● **Work required**
From the line with "The MSI MAG X570S TOMAHAWK MAX WIFI Motherboard" to the line with "Tento ukazatel popisuje, jak", retype each line exactly as it stands in the records below, but skip the pictures.

● **Data provided**
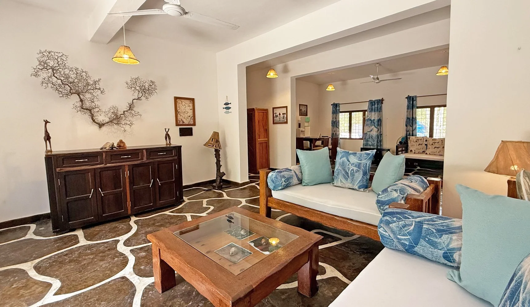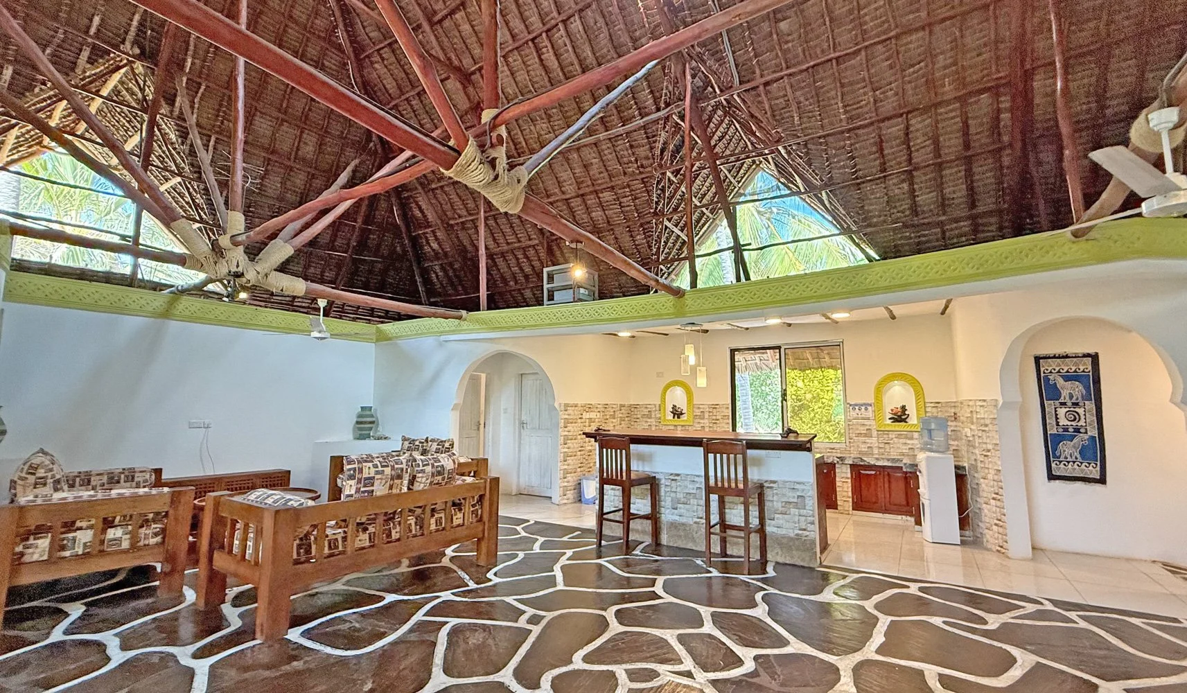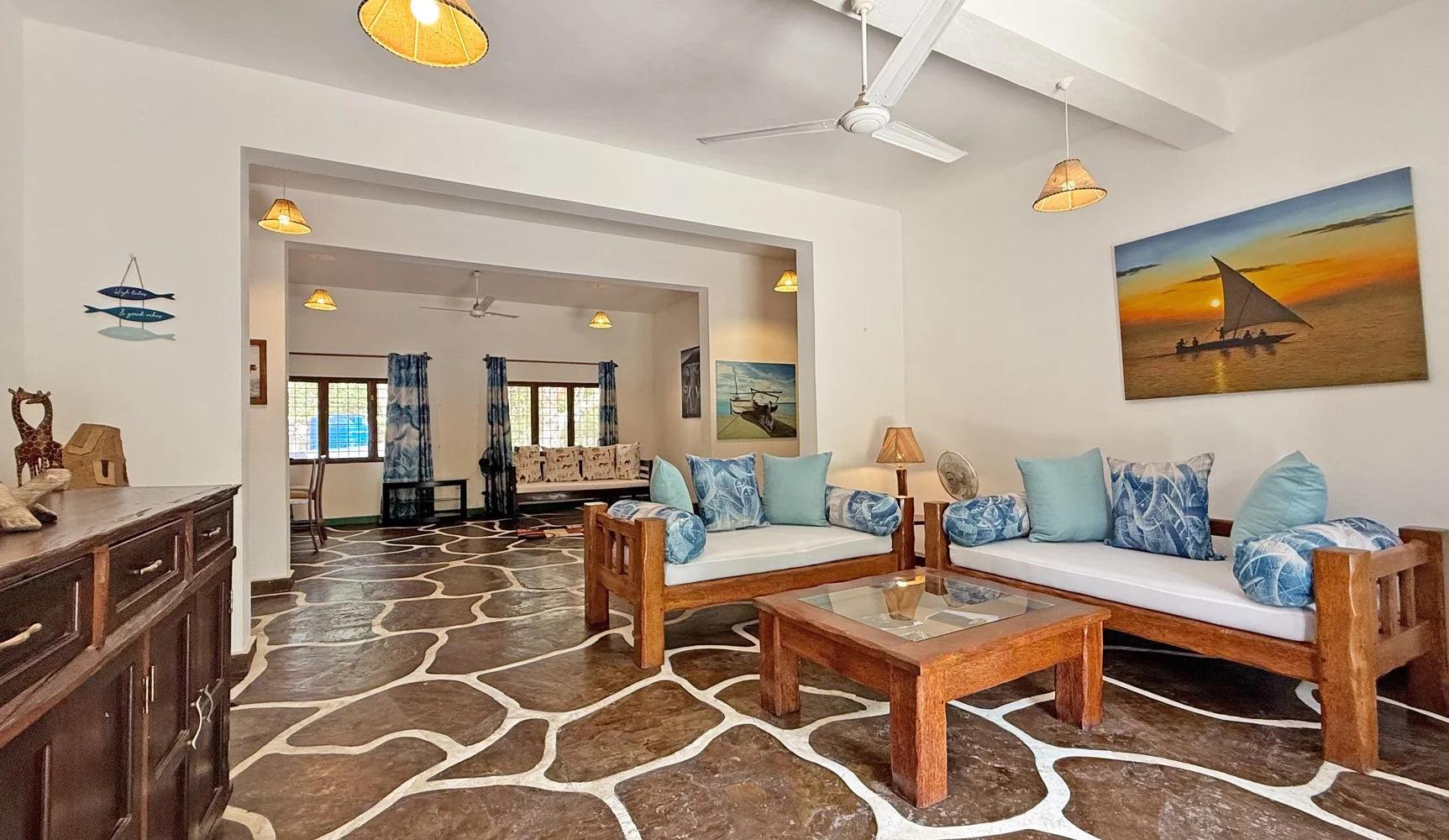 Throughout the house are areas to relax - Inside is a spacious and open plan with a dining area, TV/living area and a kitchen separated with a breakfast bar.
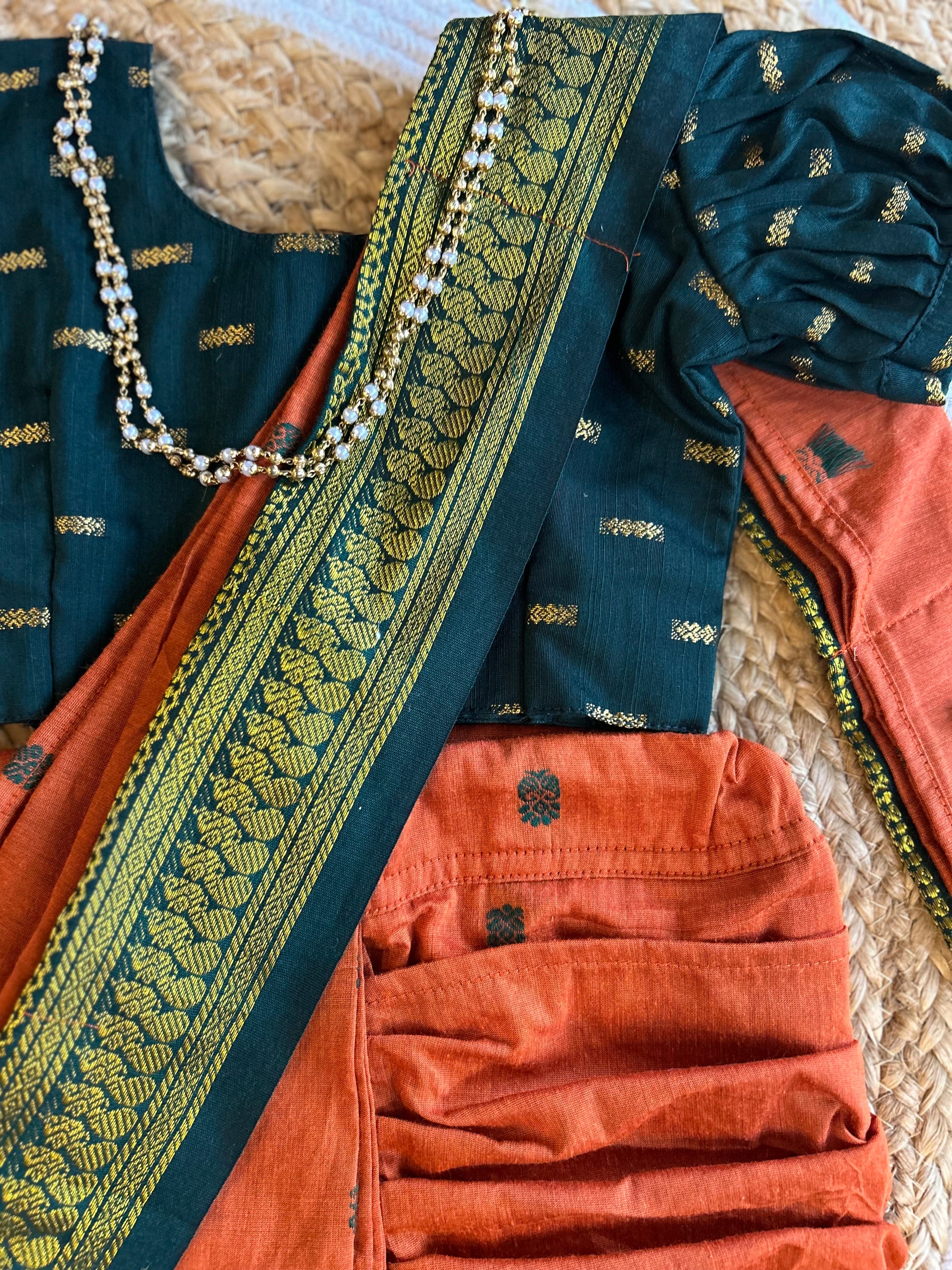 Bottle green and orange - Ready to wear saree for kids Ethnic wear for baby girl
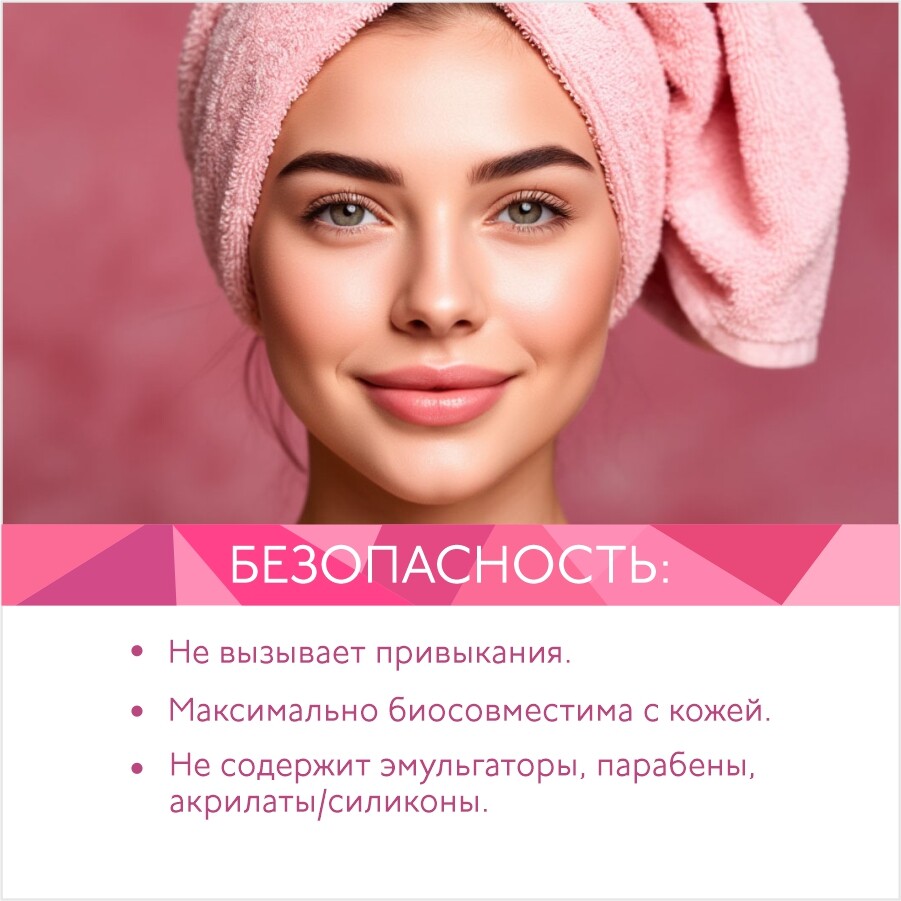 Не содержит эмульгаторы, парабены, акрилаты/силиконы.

...

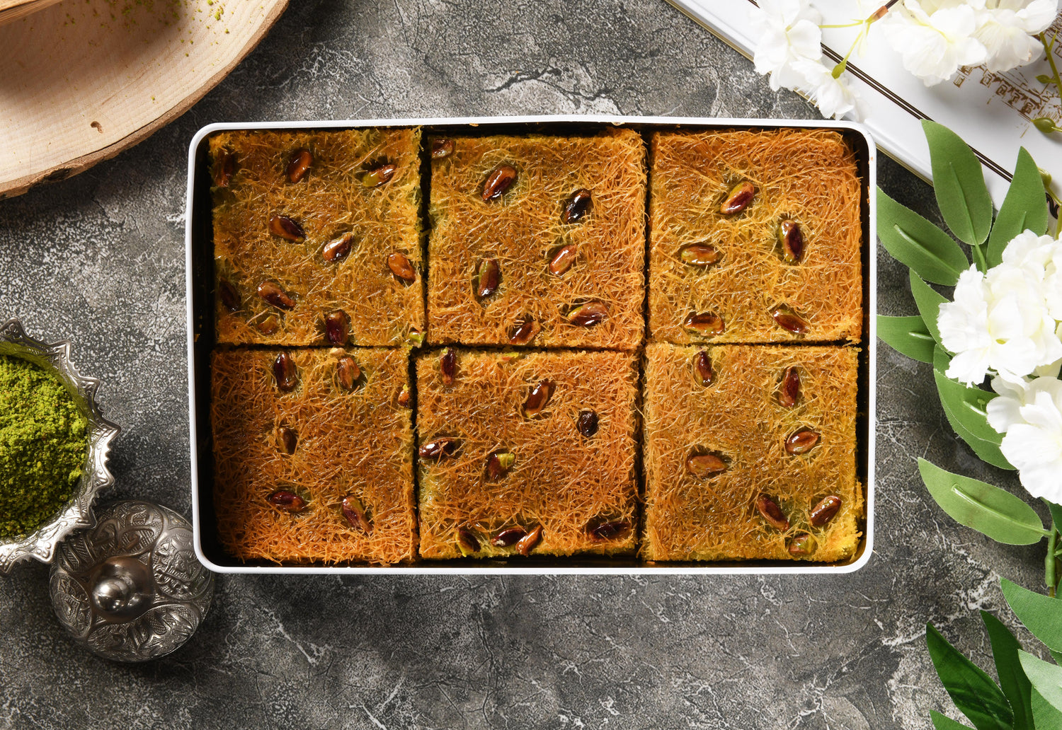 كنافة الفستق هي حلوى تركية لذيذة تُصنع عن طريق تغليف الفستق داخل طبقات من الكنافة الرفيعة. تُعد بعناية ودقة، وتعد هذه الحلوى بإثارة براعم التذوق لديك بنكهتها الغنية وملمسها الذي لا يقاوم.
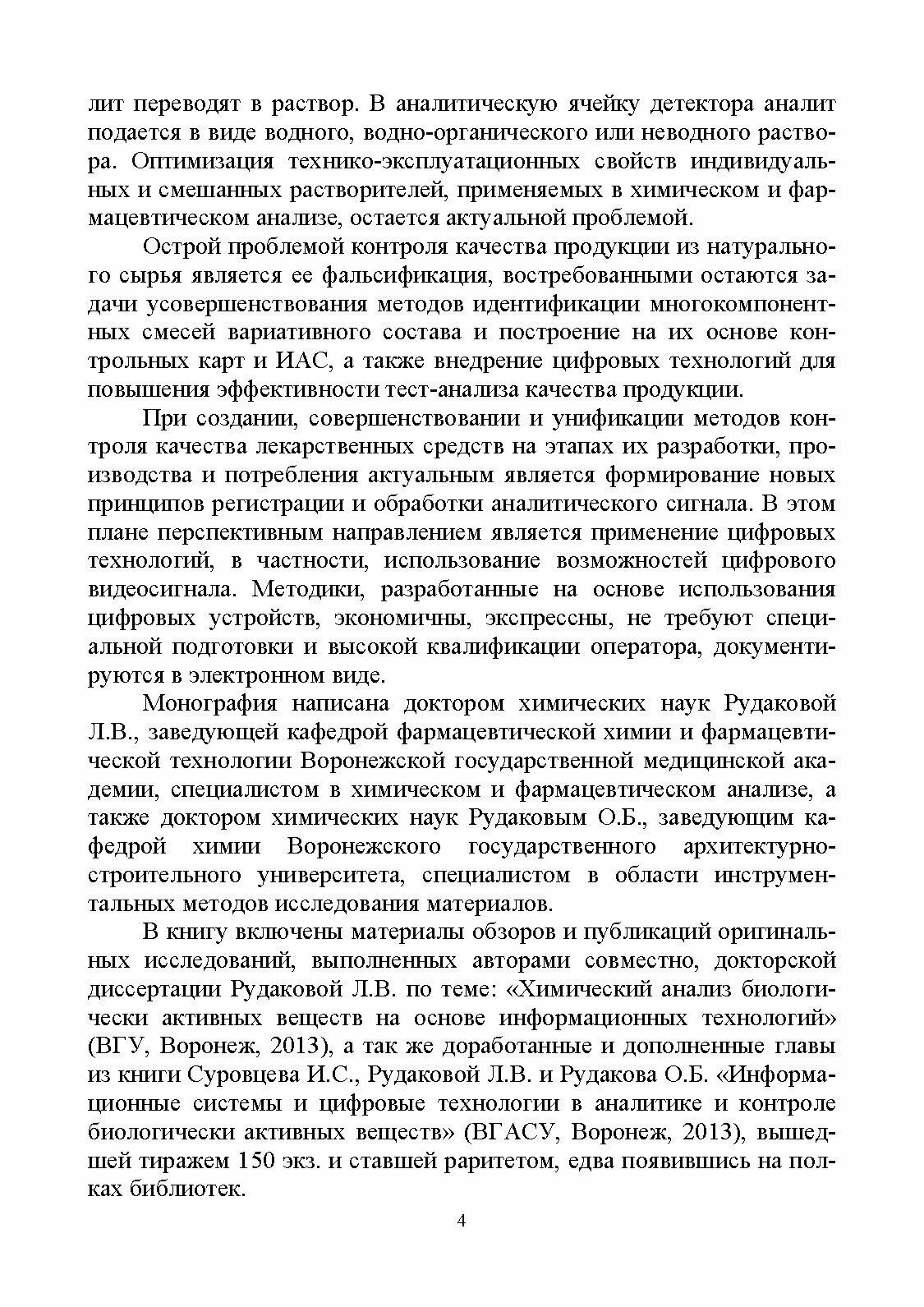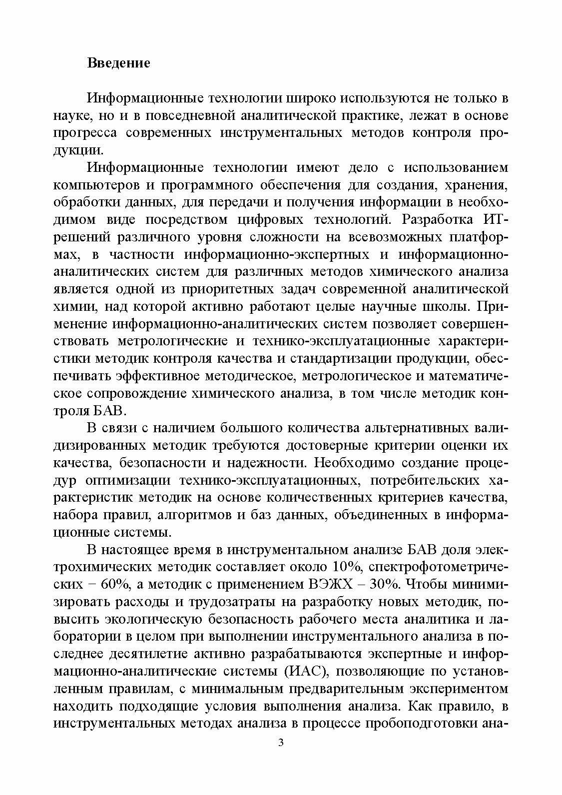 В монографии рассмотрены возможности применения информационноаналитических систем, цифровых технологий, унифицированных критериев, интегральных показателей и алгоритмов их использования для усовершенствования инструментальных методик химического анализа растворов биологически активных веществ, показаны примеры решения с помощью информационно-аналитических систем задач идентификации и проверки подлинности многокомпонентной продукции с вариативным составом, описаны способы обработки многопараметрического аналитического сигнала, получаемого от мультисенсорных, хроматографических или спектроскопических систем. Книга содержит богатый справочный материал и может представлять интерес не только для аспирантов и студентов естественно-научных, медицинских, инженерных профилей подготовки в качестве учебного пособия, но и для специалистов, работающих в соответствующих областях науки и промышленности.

...

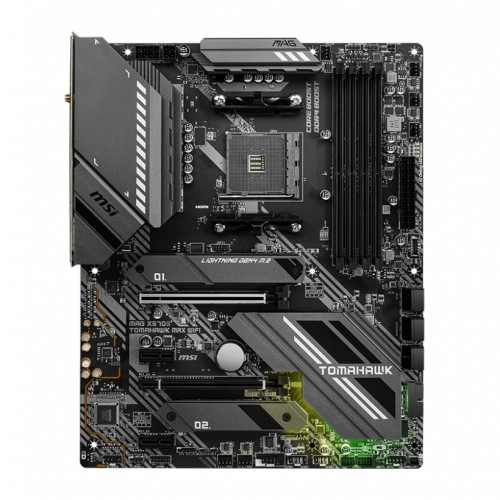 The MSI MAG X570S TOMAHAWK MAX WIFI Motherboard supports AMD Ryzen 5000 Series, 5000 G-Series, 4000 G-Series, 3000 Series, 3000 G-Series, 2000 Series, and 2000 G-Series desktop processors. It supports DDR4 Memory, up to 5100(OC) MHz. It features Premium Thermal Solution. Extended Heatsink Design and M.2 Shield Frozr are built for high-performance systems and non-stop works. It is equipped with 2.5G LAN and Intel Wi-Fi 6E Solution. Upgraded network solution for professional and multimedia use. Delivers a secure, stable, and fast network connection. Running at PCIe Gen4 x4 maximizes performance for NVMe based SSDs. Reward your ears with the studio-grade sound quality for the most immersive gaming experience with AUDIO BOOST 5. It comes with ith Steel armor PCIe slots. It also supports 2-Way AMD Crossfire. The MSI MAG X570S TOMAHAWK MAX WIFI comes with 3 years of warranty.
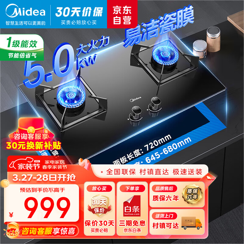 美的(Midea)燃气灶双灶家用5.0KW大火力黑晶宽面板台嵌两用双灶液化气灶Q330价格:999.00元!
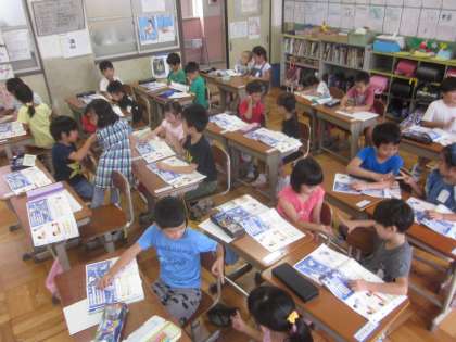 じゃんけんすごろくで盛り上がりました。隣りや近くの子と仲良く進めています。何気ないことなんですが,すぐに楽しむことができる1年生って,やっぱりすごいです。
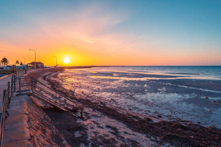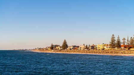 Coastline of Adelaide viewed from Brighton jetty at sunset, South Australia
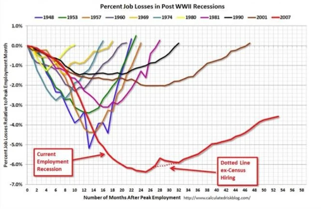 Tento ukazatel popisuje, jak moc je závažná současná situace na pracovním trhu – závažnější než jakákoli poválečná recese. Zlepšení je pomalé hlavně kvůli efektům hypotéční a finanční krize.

● **Exercise response**
 The MSI MAG X570S TOMAHAWK MAX WIFI Motherboard supports AMD Ryzen 5000 Series, 5000 G-Series, 4000 G-Series, 3000 Series, 3000 G-Series, 2000 Series, and 2000 G-Series desktop processors. It supports DDR4 Memory, up to 5100(OC) MHz. It features Premium Thermal Solution. Extended Heatsink Design and M.2 Shield Frozr are built for high-performance systems and non-stop works. It is equipped with 2.5G LAN and Intel Wi-Fi 6E Solution. Upgraded network solution for professional and multimedia use. Delivers a secure, stable, and fast network connection. Running at PCIe Gen4 x4 maximizes performance for NVMe based SSDs. Reward your ears with the studio-grade sound quality for the most immersive gaming experience with AUDIO BOOST 5. It comes with ith Steel armor PCIe slots. It also supports 2-Way AMD Crossfire. The MSI MAG X570S TOMAHAWK MAX WIFI comes with 3 years of warranty.
 美的(Midea)燃气灶双灶家用5.0KW大火力黑晶宽面板台嵌两用双灶液化气灶Q330价格:999.00元!
 じゃんけんすごろくで盛り上がりました。隣りや近くの子と仲良く進めています。何気ないことなんですが,すぐに楽しむことができる1年生って,やっぱりすごいです。
 Coastline of Adelaide viewed from Brighton jetty at sunset, South Australia
 Tento ukazatel popisuje, jak moc je závažná současná situace na pracovním trhu – závažnější než jakákoli poválečná recese. Zlepšení je pomalé hlavně kvůli efektům hypotéční a finanční krize.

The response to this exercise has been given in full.